## EXERCISE PROMPT
Only the lines below from the one containing "Kontorstol i et" through the one containing "AT-06B COMPACT Teleskopický" belong in the answer, set down exactly, with the pictures left out.

## DATASET EXTRACT
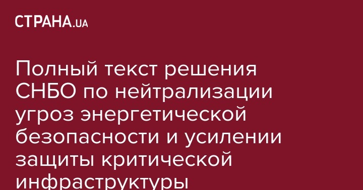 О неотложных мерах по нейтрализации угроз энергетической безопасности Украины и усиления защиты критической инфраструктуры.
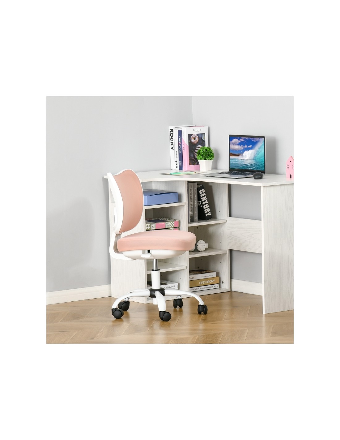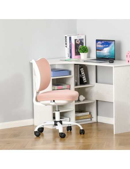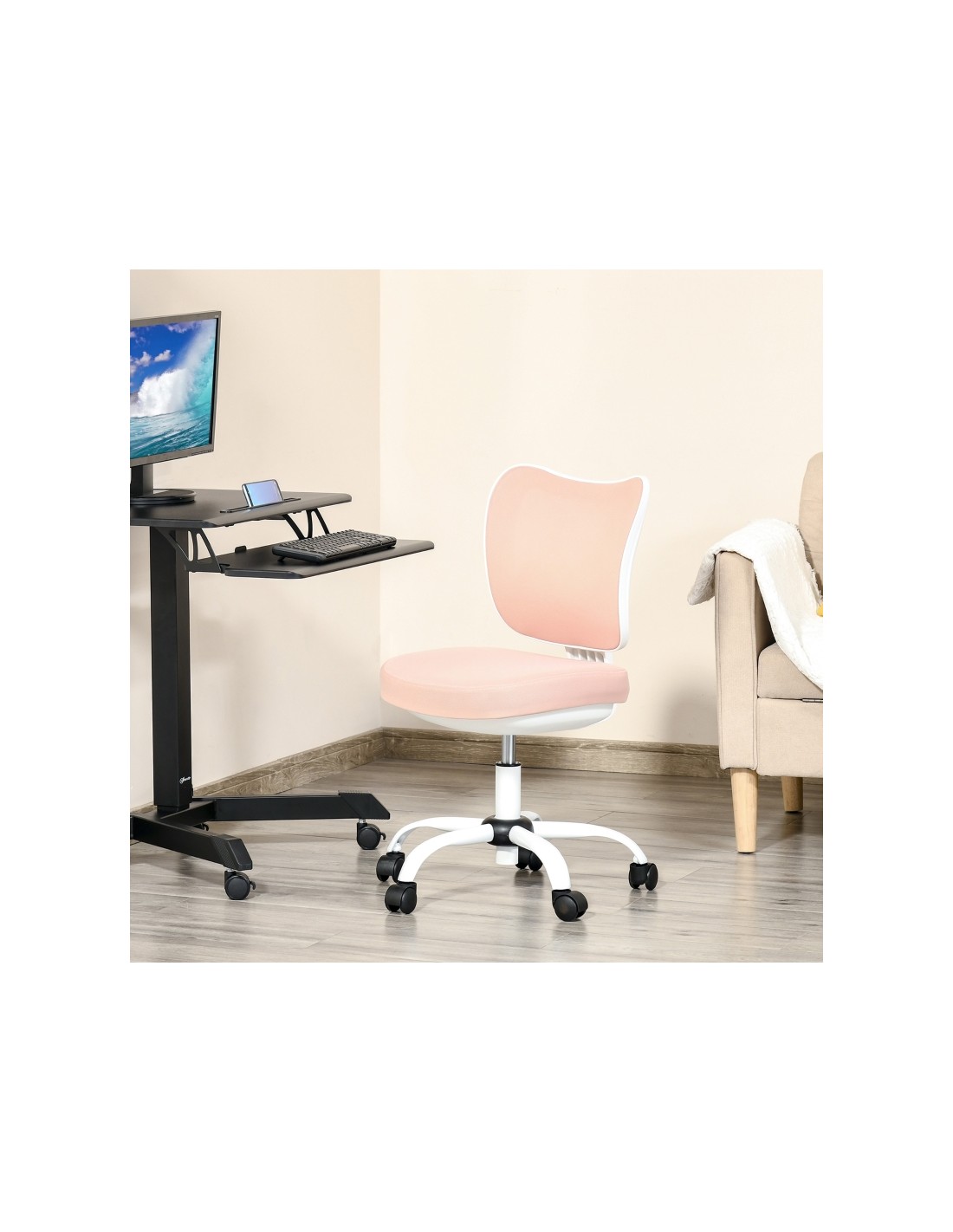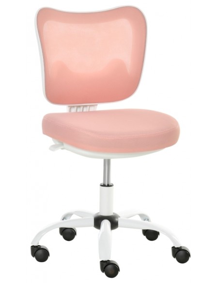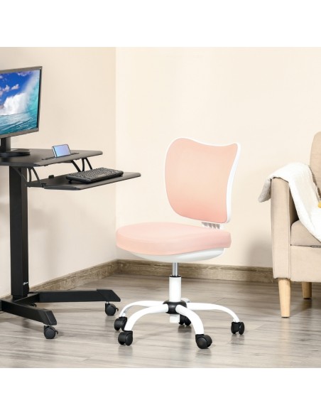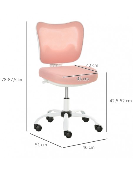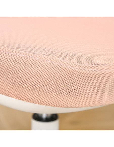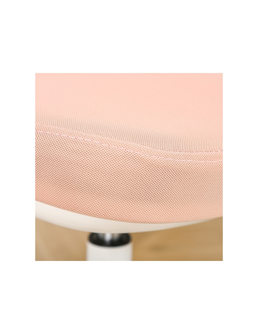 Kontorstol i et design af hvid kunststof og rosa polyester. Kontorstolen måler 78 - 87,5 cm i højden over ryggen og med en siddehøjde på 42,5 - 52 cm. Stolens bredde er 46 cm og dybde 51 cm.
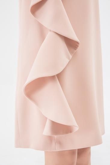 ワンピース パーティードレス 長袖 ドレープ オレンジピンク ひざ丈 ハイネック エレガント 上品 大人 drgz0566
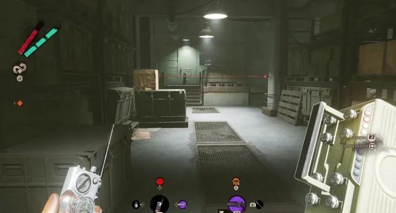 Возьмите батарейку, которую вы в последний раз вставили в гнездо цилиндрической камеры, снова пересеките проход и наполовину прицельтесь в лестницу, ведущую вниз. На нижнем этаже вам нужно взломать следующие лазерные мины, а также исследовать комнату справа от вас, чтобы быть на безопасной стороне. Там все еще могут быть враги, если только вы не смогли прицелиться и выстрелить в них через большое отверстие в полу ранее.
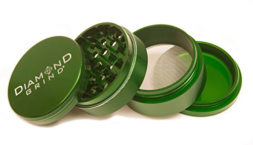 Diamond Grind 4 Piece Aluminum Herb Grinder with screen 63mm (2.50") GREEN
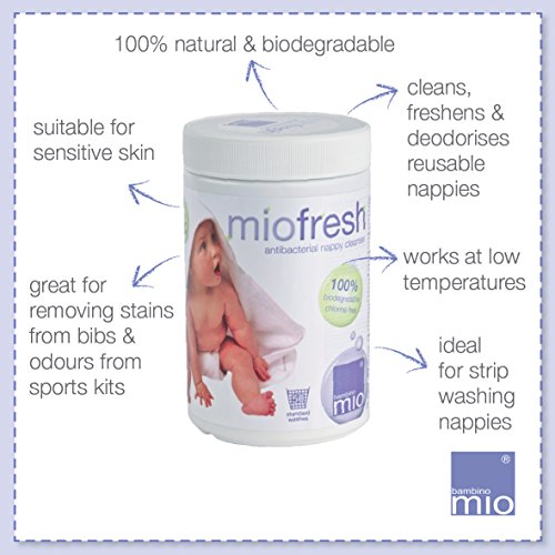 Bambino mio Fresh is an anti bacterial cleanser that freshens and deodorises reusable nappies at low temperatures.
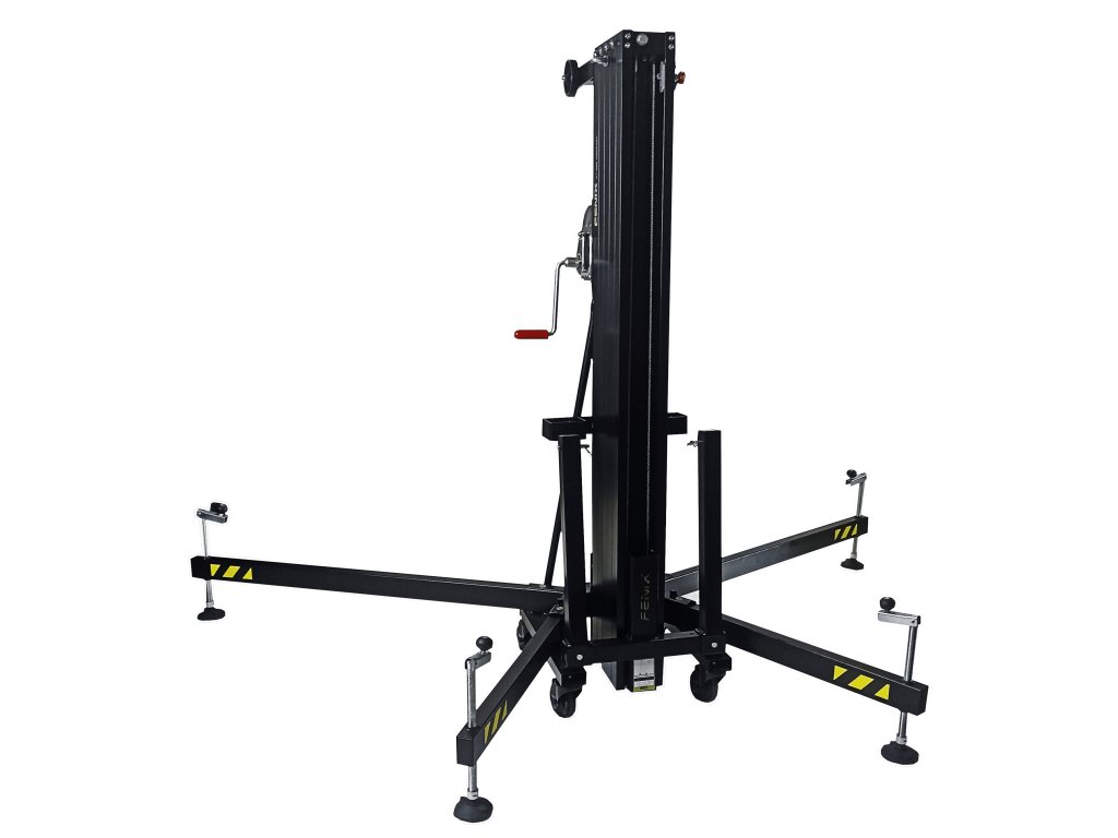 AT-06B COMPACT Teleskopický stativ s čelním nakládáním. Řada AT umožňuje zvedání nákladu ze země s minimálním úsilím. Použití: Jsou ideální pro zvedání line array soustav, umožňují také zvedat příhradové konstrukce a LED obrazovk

* * *

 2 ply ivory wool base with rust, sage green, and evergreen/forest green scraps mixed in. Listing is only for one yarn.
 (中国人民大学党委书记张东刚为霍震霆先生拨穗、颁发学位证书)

--

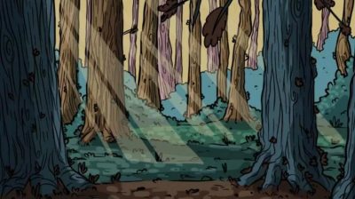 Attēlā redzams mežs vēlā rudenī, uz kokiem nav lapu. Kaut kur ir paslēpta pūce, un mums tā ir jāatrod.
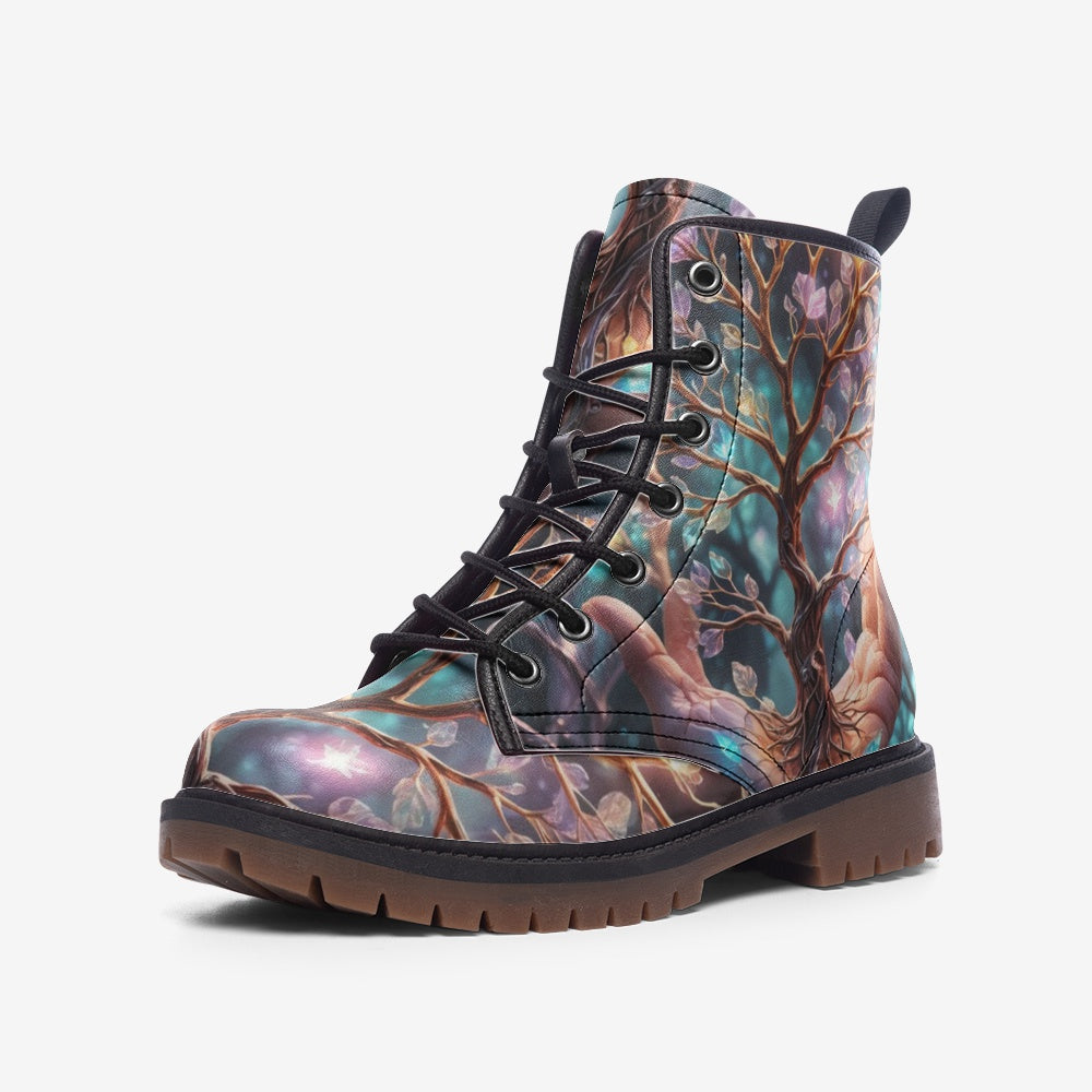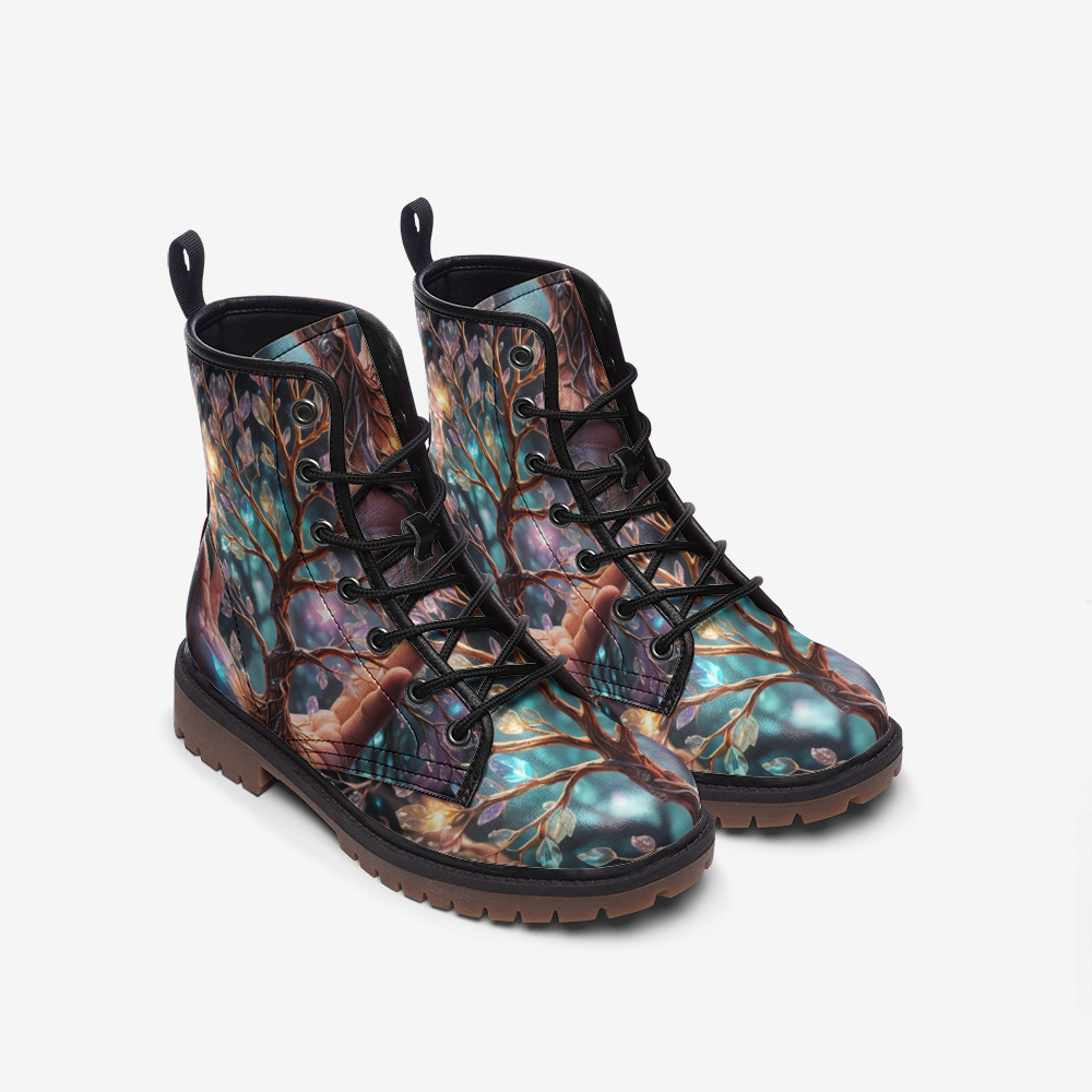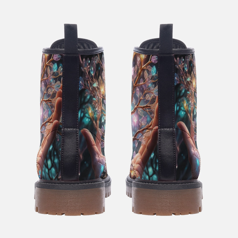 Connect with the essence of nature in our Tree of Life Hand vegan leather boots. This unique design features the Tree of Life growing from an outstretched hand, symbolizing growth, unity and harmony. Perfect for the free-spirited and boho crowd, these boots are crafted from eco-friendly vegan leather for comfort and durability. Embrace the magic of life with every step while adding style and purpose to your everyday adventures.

## PROBLEM SOLUTION
 Kontorstol i et design af hvid kunststof og rosa polyester. Kontorstolen måler 78 - 87,5 cm i højden over ryggen og med en siddehøjde på 42,5 - 52 cm. Stolens bredde er 46 cm og dybde 51 cm.
 ワンピース パーティードレス 長袖 ドレープ オレンジピンク ひざ丈 ハイネック エレガント 上品 大人 drgz0566
 Возьмите батарейку, которую вы в последний раз вставили в гнездо цилиндрической камеры, снова пересеките проход и наполовину прицельтесь в лестницу, ведущую вниз. На нижнем этаже вам нужно взломать следующие лазерные мины, а также исследовать комнату справа от вас, чтобы быть на безопасной стороне. Там все еще могут быть враги, если только вы не смогли прицелиться и выстрелить в них через большое отверстие в полу ранее.
 Diamond Grind 4 Piece Aluminum Herb Grinder with screen 63mm (2.50") GREEN
 Bambino mio Fresh is an anti bacterial cleanser that freshens and deodorises reusable nappies at low temperatures.
 AT-06B COMPACT Teleskopický stativ s čelním nakládáním. Řada AT umožňuje zvedání nákladu ze země s minimálním úsilím. Použití: Jsou ideální pro zvedání line array soustav, umožňují také zvedat příhradové konstrukce a LED obrazovk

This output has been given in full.